As a community, as adoptive parents, we've learned how important it is to help our children own and process their stories -- including their losses. We live with the irony that our children's greatest loss is the basis for our joy: their presence in our lives. As threatening as that may feel, we have to support our children, to help them grieve one family so they are free to celebrate the next. Jen's experience is, in part, a desperate cry for this recognition and validation.

The second issue Jen wrestled with is, I think, even more complex.

Jen’s well meaning parents failed to recognize and address the challenges that come with being a mixed race family. To be fair, I think the Feros followed the beliefs of their generation. Once you adopted, you treated your child as if s/he were -- had always been -- your own. Love and acceptance trumped dislocation or differences. To acknowledge the rift or difference threatened the fantasy the bond could be re-made, perfect and whole. So families didn’t discuss abandonment, adoption -- or race. Korean adult adoptees like Jen have taught us the price of this denial.

Listening to Jen, I couldn’t help wondering if her struggle to fit in was unique to her experience as a transracial adoptee – or part of the broader experience of persons of color, of racial, ethnic, and religious minorities in this country. Friends of mine raised by immigrant parents, Chinese, Japanese, Spanish, Italian, Polish, and Russian, have shared childhood memories of not fitting in, of being the outsider, living betwixt and between two cultures, the culture of their parents' generation versus that of the American school yard and the media. Those of my friends who were happiest seemed to have found a way to mix and move comfortably in both worlds, having made their peace, even taking pride in a hybrid identity.

Is it possible Jens’ struggles to fit in were more authentically Korean American, or Asian American, than she realized?

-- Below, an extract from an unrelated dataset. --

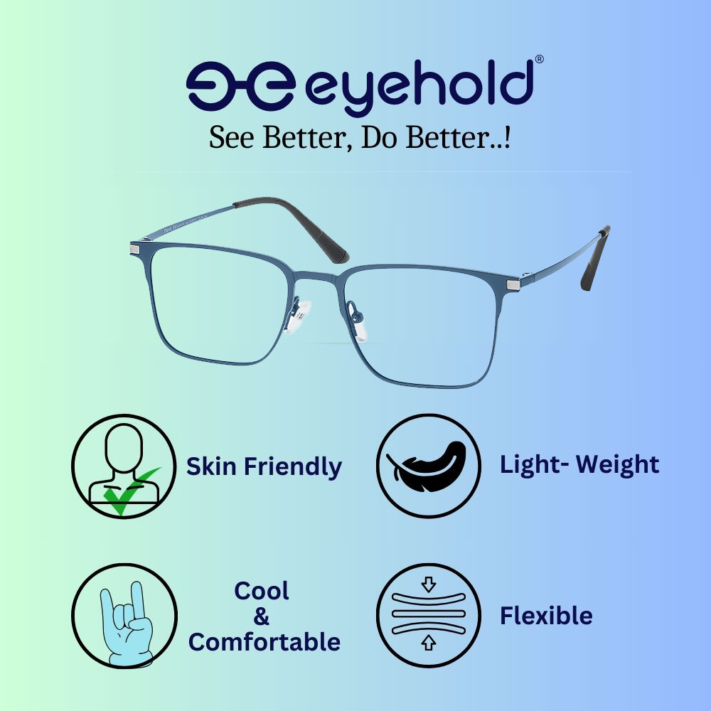 eyehold Blue Square Full Rim Magnetic Fleek 3-in-1 Clip-On Metal Unisex Glasses Key Features: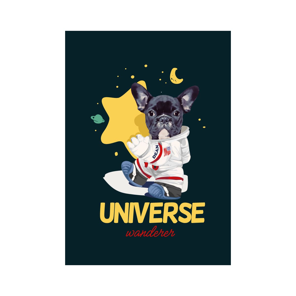 大きな星を抱えた宇宙服を着たペットちゃん。

As for adoptive parents, how many of us truly acknowledge, or understand that, when we adopt a child of another race, we become a family of color?

When I first made my decision to adopt my daughter, I threw myself into reading and learning everything I could about China. I developed a deep, one could argue naïvely romantic fascination for its difficult history, politics, and people. Now, as much as I know it’s helpful to give my daughter a sense of pride in her birth country, I see there are many more layers to my job.

White adoptive parents have only known the world of white privilege. We have no idea what it feels like to walk about in someone else’s skin, to enter a classroom, apply for a job, shop at the local mall or museum, wander a city street and greet the world with a face that isn’t Euro American -- but is Asian American, Latin American, or African American.